[Rezi] Los Muertos

Verdammte Axt! Was habe ich mir denn dabei gedacht, als ich das Ding von der RPC mitgenommen habe? 
Ein verdammtes One-Tick-Pony mit einem lächerlich einfachen indiemäßigen Konfliktresolutionsmechanismus und einem völlig behämmerten Hintergrund das nicht einmal anständige Würfel verwendet von einem unfassbar unbekannten Autoren?
Ich liebe es!!!
Titel: Los Muertos
Autor: André Pönitz
Art: Regelwerk
Verlag: Prometheus
Format: A5, 136 Seiten, vollfarbig
ISBN: 9-783944-713007
Preis: 14,95€
Okay, die Information „auf der RPC ausverkauft“ beeindruckt mich nicht mehr ganz so sehr, wie es noch vor ein paar Jahren der Fall gewesen wäre, als ich davon ausging, dass ein Verlag immer die komplett Druckauflage von mehreren tausend Kopien mit auf Messen schleppen würde, aber nichtsdestotrotz ist das doch mal ein schöne Kompliment für die Promethen (die sich sicher in den Hintern beißen nicht noch zwei Kistchen mehr mit nach Köln genommen zu haben) und das Team André Pönitz (Wort), Timo Grubing und Volker Konrad (Bild).
Da das Spiel aus der überaus empfehlenswerten PocketRPG-Reihe wirklich ein totales One Trick Pony ist, werde ich an einigen Stellen etwas um den heißen Brei herumeiern müssen, aber das ist der geneigte Seifenkisten-Leser ja schon gewöhnt.
Ich werde die kurze Besprechung (andere würden sagen Lobhudelei) resolut in drei Abteilungen unterteilen: Setting, System und Erscheinungsbild.
Setting: Tja, was soll ich sagen? Ihr spielt frisch verstorbene Tote, die im aztekischen Totenreich gelandet sind und sich nun durch 9 Ebenen hindurch kämpfen müssen/wollen, um im Anschluss nach Mictlan zu gelangen.
Hört sich komisch an, ist es auch. Einen Großteil seines Reizes bezieht Los Muertos daraus, sich von Ebene zu Ebene den Sense of Wonder zu erhalten. Man wird immer in eine völlig neue Welt geworfen, wo es zuerst einmal gilt, die Regeln zu verstehen, um sich angemessen verhalten zu können. Eine tolle Sache, die leider in den meisten klassischen Fantasy-Settings schon vor 30 Jahren verloren ging – hier können auch alte Haudegen dieses Gefühl etwas wirklich Neues zu entdcken noch einmal erleben. Wie gesagt – für mich DAS große Plus bei diesem Spiel und genau der Grund warum ich hier nix über die 9 Ebenen erzählen werde. Spielt und erlebt sie einfach selber!

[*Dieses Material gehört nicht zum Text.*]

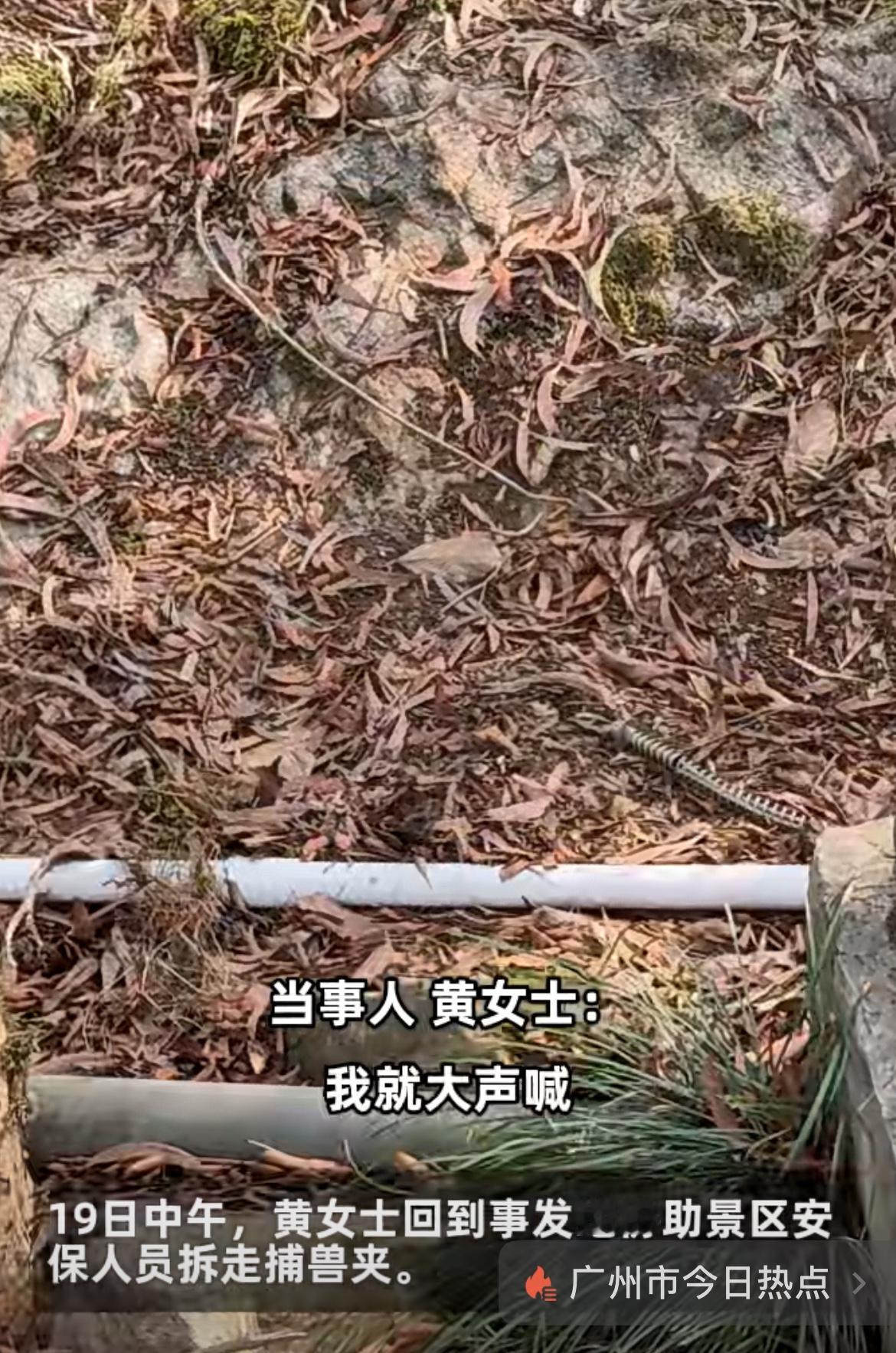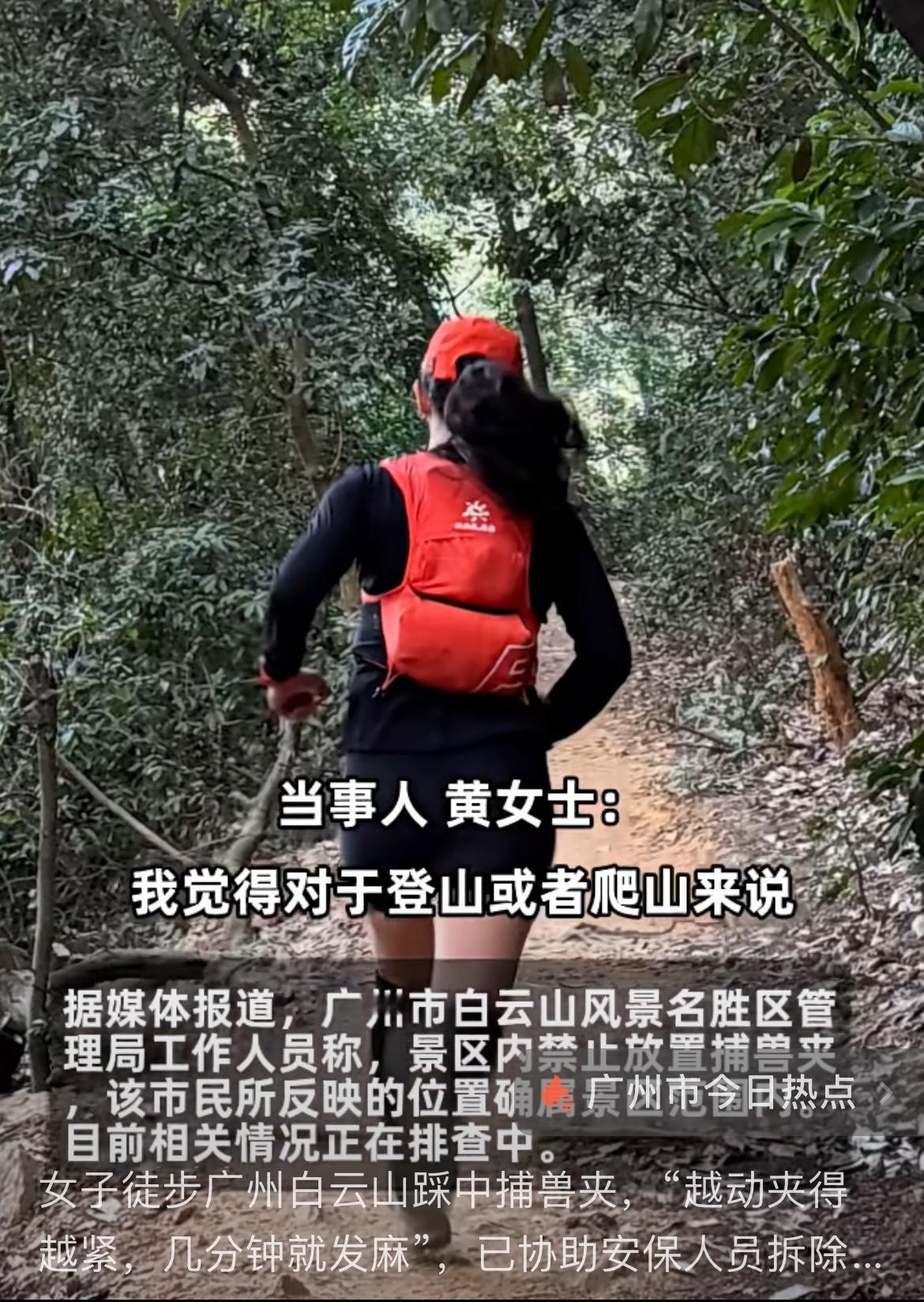 女子徒步广州白云山,误踩捕兽夹,这也太诡异了。事发1月18日,当事者黄某徒步白云山画猫路线,在一堆平常的枯叶下,脚踩到了捕兽夹。白云山没有大型野兽,哪里来的捕兽夹?看捕兽夹的铁丝,像是新做上去的,显然不是来捕捉野兽的,就是有人故意设置在这里,做坏事的,应该好好查一查,放置捕兽夹的人是谁,到底想干什么?溜达白云山 徒步登顶白云山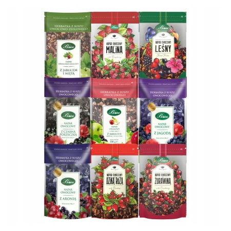 Leśny: czarny bez, jagoda, aronia, jabłko, głóg, hibiskus, dzika róża, jarzębina, aromat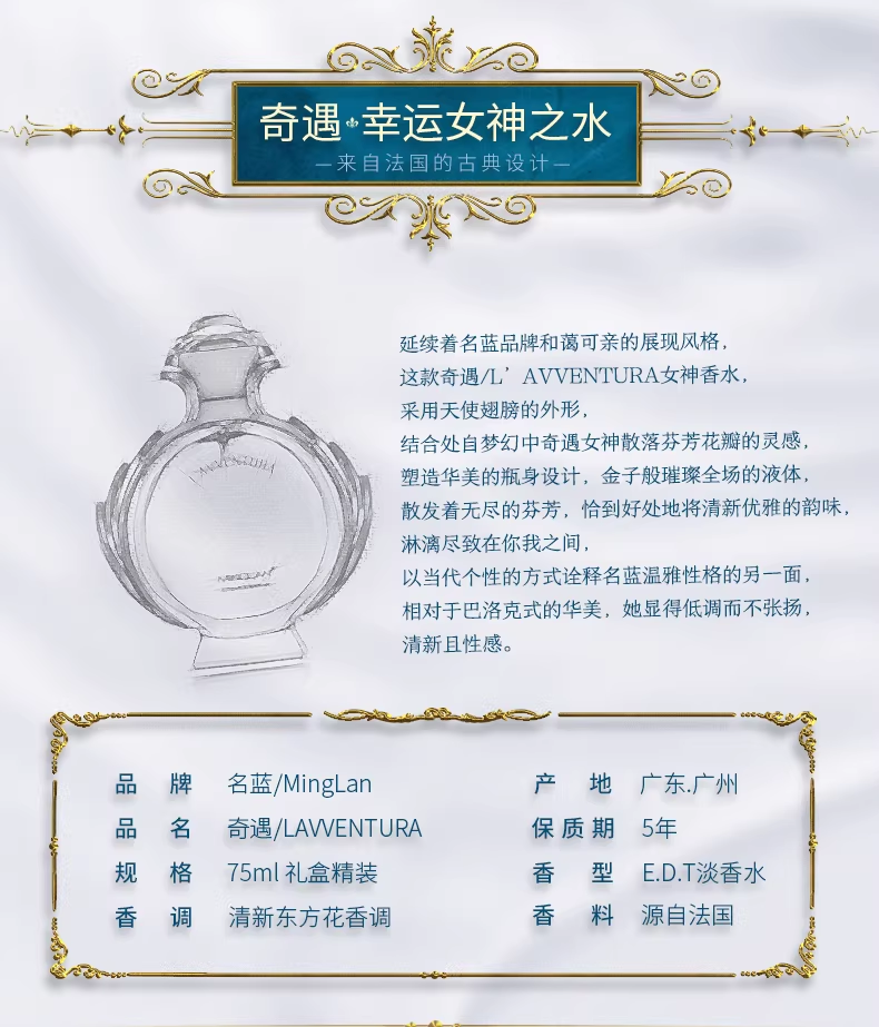 名藍奇遇香水女士持久留香淡香清新自然大牌正品女人味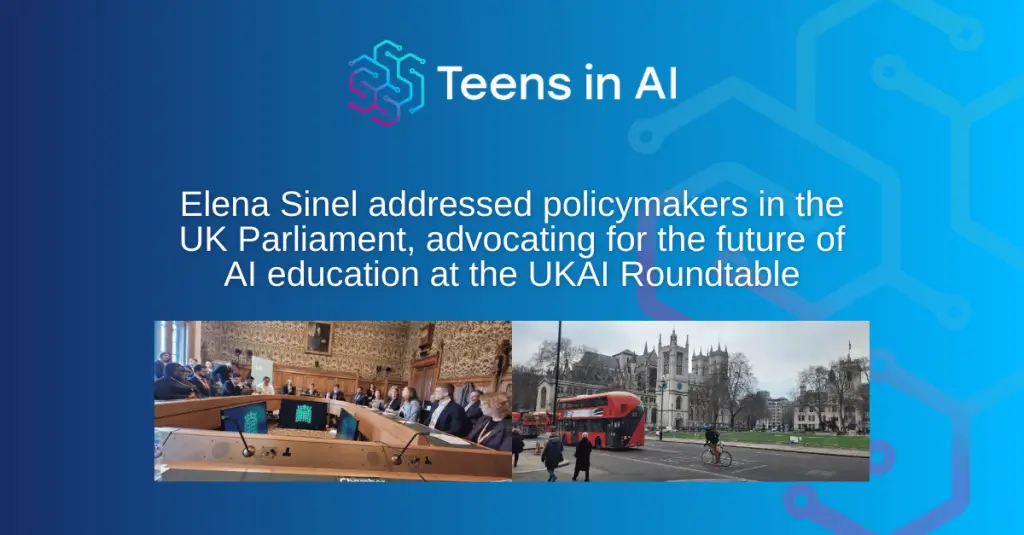 Elena Sinel, founder of Teens in AI, attended the UK Parliament to champion the future of AI Education at the UKAI Roundtable. She addressed policymakers on the urgent need to equip young people with the skills to thrive in an AI-driven world.
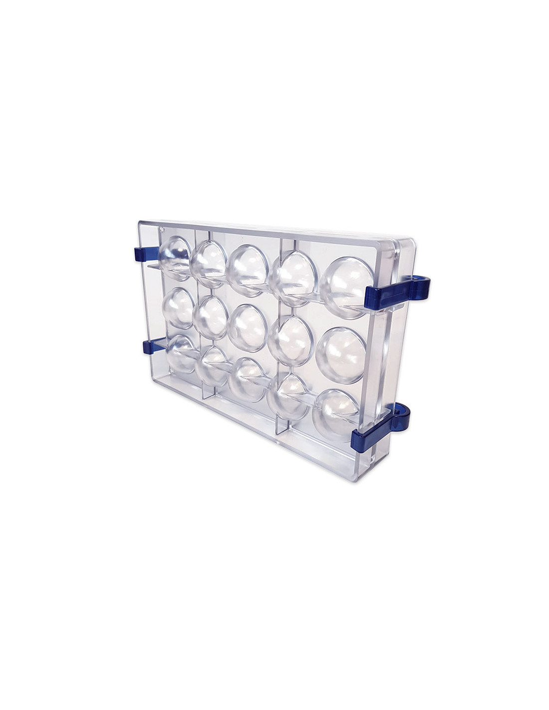 Molde de policarbonato para realizar 6 semiesferas de 70 mm de diámetro.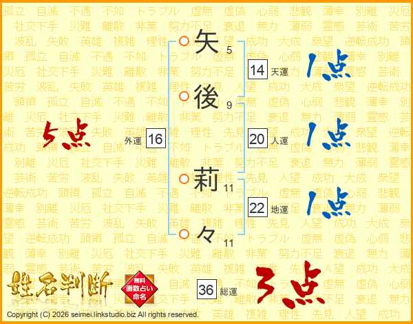 矢後莉々さんの天運は14画の1点!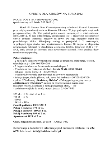 OFERTA DLA KIBICÓW NA EURO 2012 PAKIET POBYTU 3-dniowy EURO 2012 (pakiet ważny od 1.06 do 2.07.2012 r.) Hotel *** Senator Gran Via umiejscowiony zaledwie 15 km od Rzeszowa przy międzynarodowej trasie w kierunku Ukrainy. W jego pięknych wnętrzach przygotowaliśmy dla Was pakiet pełen emocji związanych z mistrzostwami EURO21012. U nas odpoczniesz, zrelaksujesz się i przeżyjesz niesamowite chwile podczas transmisji meczów na żywo. Do tego specjalne menu dla prawdziwego kibica. Oferujemy nocleg w pokojach1 i 2 osobowych, w pokojach typu studio oraz apartamentach- łącznie 70 miejsc w elegancko urządzonych pokojach w standardzie oferujemy telefon, telewizor LCD z TVSAT, stały dostęp do Internetu oraz nowoczesne łazienki. Hotel posiada duży monitorowany parking. Pakiet obejmuje: - 2 noclegi w komfortowym pokoju (dostęp do Internetu, mini barek, telefon, telewizja sat.) – 260/ 400/520 /780 - 2 bogate śniadania w formie stołu szwedzkiego - 0 - Voucher na bar (zakup na alkohol – kwota 30 zł) -30/60 /90/60 - zakąski – menu Euro212 – 20/20 /40/20 - wspólne kibicowanie przy meczach na żywo (w restauracji) - kolacja (zupa, danie główne, sok, kawa lub herbata) – 50/100 /150/100 - pakiet SPA dla niej „Kwiatowy Relaks” - Zabieg pielęgnacyjny twarzy „Witaminowe Ożywienie”- zabieg na twarz z serum i maską oraz masażem twarzy, Manicure z pełną pielęgnacją dłoni, – 135 - codzienne wejście do strefy sauny i jacuzzi 25 /50/75/50 525 zł – 10 % - 468 zł za 1 os 765 zł – 10 % 1010 zł 1145 zł – 10% Cennik pakietów EURO2012 Pokój 1-osobowy 479 zł/ os. Pokój 2-osobowy 689 zł/ 2 os. Pokój 3-osobowy 999 zł/ 3 os. Apartament 1029 zł/ 2 os. Grupy zorganizowane min. 20 osób – RABAT 10% Rezerwacje i dodatkowe informacje pod numerem telefonu: 17 222 6999 lub email: [email protected]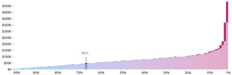 美国非著名“可视化数据报导记者”Andrew Van Dam今年年初做了一个在线调查,让身在美国以外/有移民美国倾向的人来看看自己的收入水平在美国能排进什么位置。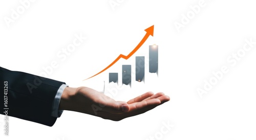 Hand presenting upward trend financial graph isolated on white background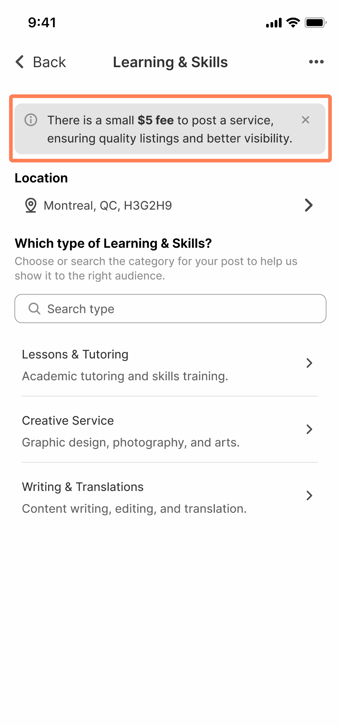 The Services Flow simplifies service posting by grouping related fields into expandable sections and providing clear instructions and notification banners, ensuring users understand the $5 fee and how to fill out the form.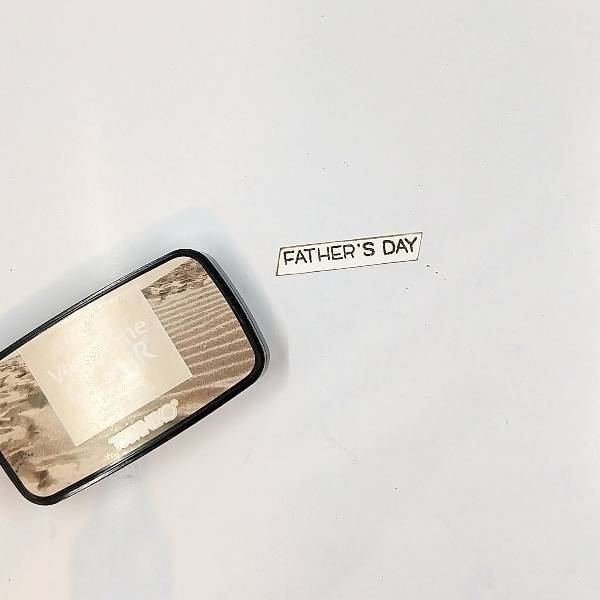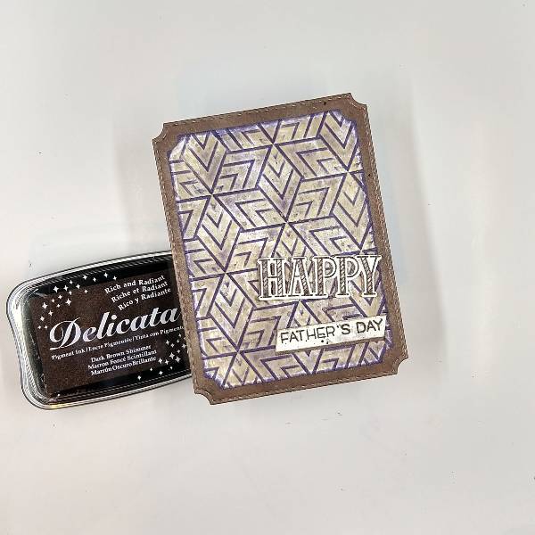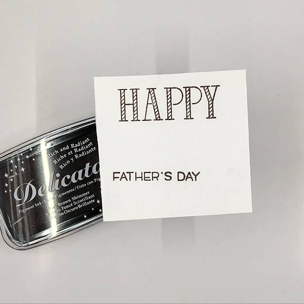 Stamp the card’s sentiments (both the larger “happy” and the “Father’s Day” subsentiment) on another piece of watercolor paper with Dark Brown Shimmer Delicata ink and then heat emboss both of them with clear embossing powder. Set this aside as well.
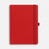 Ежедневник с твердой обложкой без поролона, выполнен из материала Soft Touch Ultra, красный РР, дополнен резинкой шириной 1 см, петлей-резинкой для ручки, капталом и ляссе красного цвета.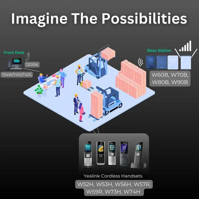 - Base Stations: Yealink W60B, W70B, W80B, W90B.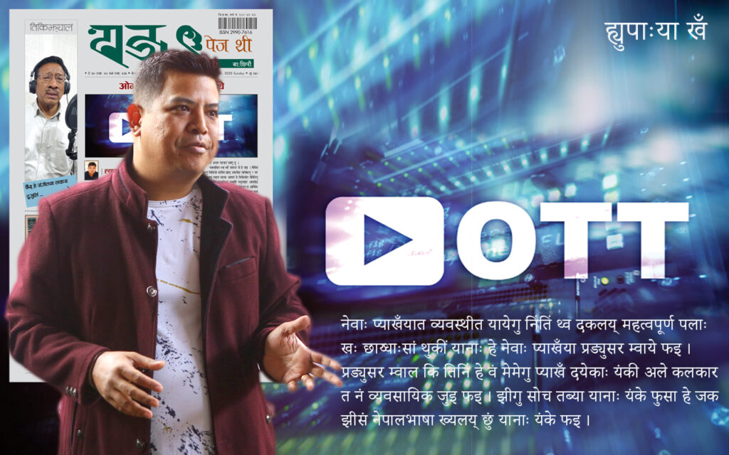 युट्युबय् कपिराइटया कारण आपलं हे प्याखँ बिच बिचय् संवाद वा ब्याकग्राउण्ड साउण्ड हे बन्द जुइगु याः । सुख मदयेक प्याखँ स्वयेगु सिबें थुकीयात गुगुकथं व्यवस्थीत यायेगु पाखे पलाः न्ह्याके माः । युट्युबय् प्याखँ स्वयाः १००,००० भ्यूज वनकि बल्ल तल्ल १०,००० निसें २०,००० तक ध्येबा वइगु खःसा ओटीटी च्यानल पाखें ग्राहक यानाः हे ध्येबा नं काये फइसा छगू प्याखँ जक स्वयेगु याःसां प्याखँ कथं ध्येबा नं काये फइ। थौंकन्हे थी थी ओटीटी प्लाय्टफर्मय् नेपाली प्याखँ स्वयेत नं २०० दां मू तयाःतःगु दुसा नेवाः प्याखँ स्वयेत नं थथे हे रकम तर छुं भचा म्हो यानाः तये फइ ।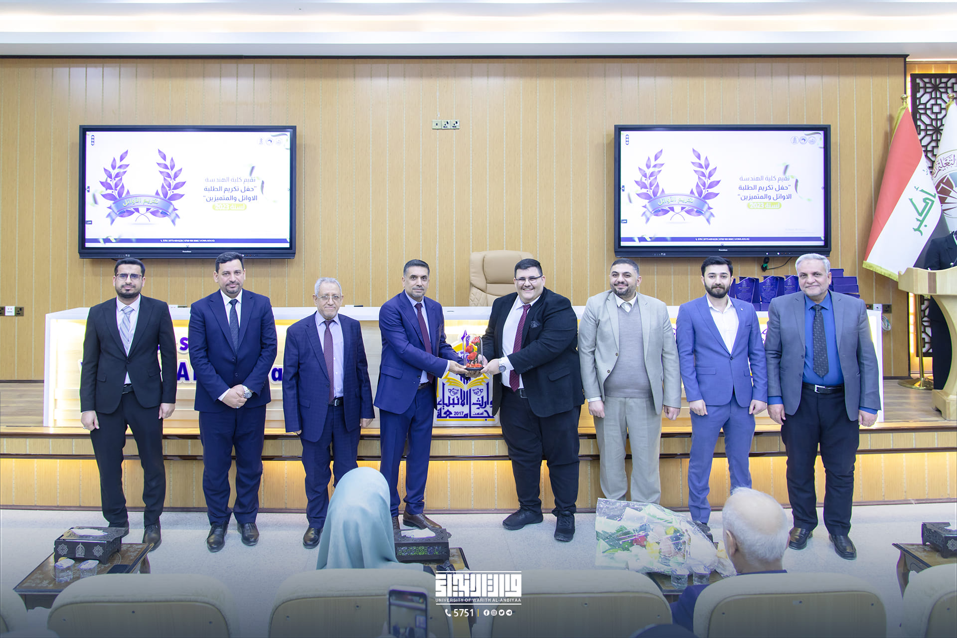 During his speech on the occasion, the Dean of the College of Engineering expressed his thanks and appreciation to all the teaching and administrative staff of the College of Engineering and the students for their high commitment and excellence and the emphasis on all students to be diligent in seeking knowledge and to emulate their outstanding colleagues.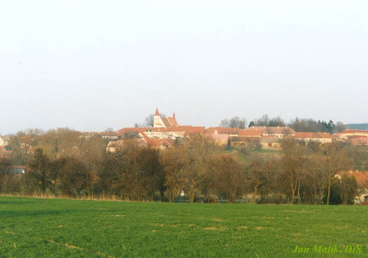 V první polovině 12. století tu bylo postaveno opevněné sídlo a románský kostel. V blízkosti vznikla osada, která se již ve 13. století stala městečkem. V období třicetileté války bylo městečko téměř zbořeno a odešla část obyvatel. K rozvoji městečka přispělo postavení velkého barokního zámku na východní straně náměstí. Další negativní vlivy městečko nepostihly, a tak si dochovalo starobylý venkovský vzhled se svažitým náměstím v historickém centru. Dominantou města je kromě zámku také románský Kostel svatého Petra a Pavla postavený v roce 1150. Kostel byl přestavěn goticky a později prošel barokní úpravou. V sousedství kostela je gotická věžovitá zvonice, ke která byla přidělána v roce 1818 nástavba. V 16. století byla ke zvonice přistavěna renesanční budova radnice, která byla v 18. století barokně přestavěna a přibyla věžička s hodinami. Barokní fara byla postavena v roce 1740.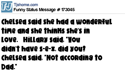 - # 173046 After Chelsea returned from a date, Hillary asked her if she had a good time. Chelsea said she had a wonderful time and she thinks she's in love. Hillary said, "You didn't have sex, did you? Chelsea said, "Not according to Dad."

Einzig, dass man nach seinem Tod erstmal in den Pfortenländern landet und von einem Pudelmenschen-Gott namens Xolotl begrüßt wird, möchte ich hier kurz erwähnen. Ich denke das reicht fast schon aus, um sich einen Eindruck zu verschaffen…
Das Setting wird in einem eigenen Kapitel kurz angerissen, genauer beschrieben wird es dann aber in den enthaltenen Beispielabenteuern (auch das finde ich immer sehr wichtig – nirgendwo lernt man so viel über ein Spiel wie in vom Autoren direkt beigelegten Abenteuern) – und davon gibt es einen ganzen Arsch voll. Jede Ebene wird mit 2 Abenteuern bedacht, bis auf die Einstiegsebene, die Pfortenländer, wo man sich durch drei Abenteuer wurschteln kann.
System: Keine Würfel, pfrrrz! Dämlicher Indiekram! Okay. Ich habe gerade „Umläut – The Game of Metal“ übersetzt, daher ist es mir nicht fremd, Konflikte durch das Ziehen von Karten zu lösen. Bei Los Muertos zieht man Karten. Eine gezogene rote Karte stellt einen Erfolg dar und ich ziehe immer so viele Karten wie meine passende Fähigkeit (plus eventueller Modifikatoren durch die Umstände) hergibt und muss genügend Erfolge haben, um den Schwierigkeitsgrad zu erreichen oder zu üertreffen. Wie konkurrierende Proben aussehen, kann sich der geneigte Rezensionsleser sicher selber vorstellen.
Ein Charakter wird durch folgende Dinge beschrieben:
Name – Todesumstände – ein paar Sätze, was man über den Verstorbenen wissen muss – die Fähigkeiten Wille, Soziales, Kämpfen, Geistiges, Körper und Sinne (je mit 1-3 Punkten) – Spezialisierungen und Gepäck
Das war’s auch schon! Gefällt mir natürlich in seiner Einfachheit super, das Spiel ist aber in seiner Anlage her komplett darauf angewiesen, dass der Spielleiter es gut mit seiner Truppe meint, denn schon der Satz: „Der SG wird intuitiv festgelegt.“ sorgt natürlich dafür, dass ein alter Sack wie ich Beklemmungen inder Magengegend bekommt. Nicht, dass etwas daran verkehrt wäre, etwas intuitiv festzulegen, aber wenn es sich dabei um den wirklich einzigen Mechanismus des Spiels handelt, wird es doch schon kritisch. Auch, dass Patzer „ärgerlich, aber nicht fatal“ sein sollen, unterstreicht den Ansatz des Spiels zu unterhalten und gemeinsam eine schöne Geschichte zu erleben. Ich persönlich stehe lieber vor tödlichen Gefahren, aber wenn man sich darüber vor dem Spiel im Klaren ist, habe ich da absolut kein Problem mit.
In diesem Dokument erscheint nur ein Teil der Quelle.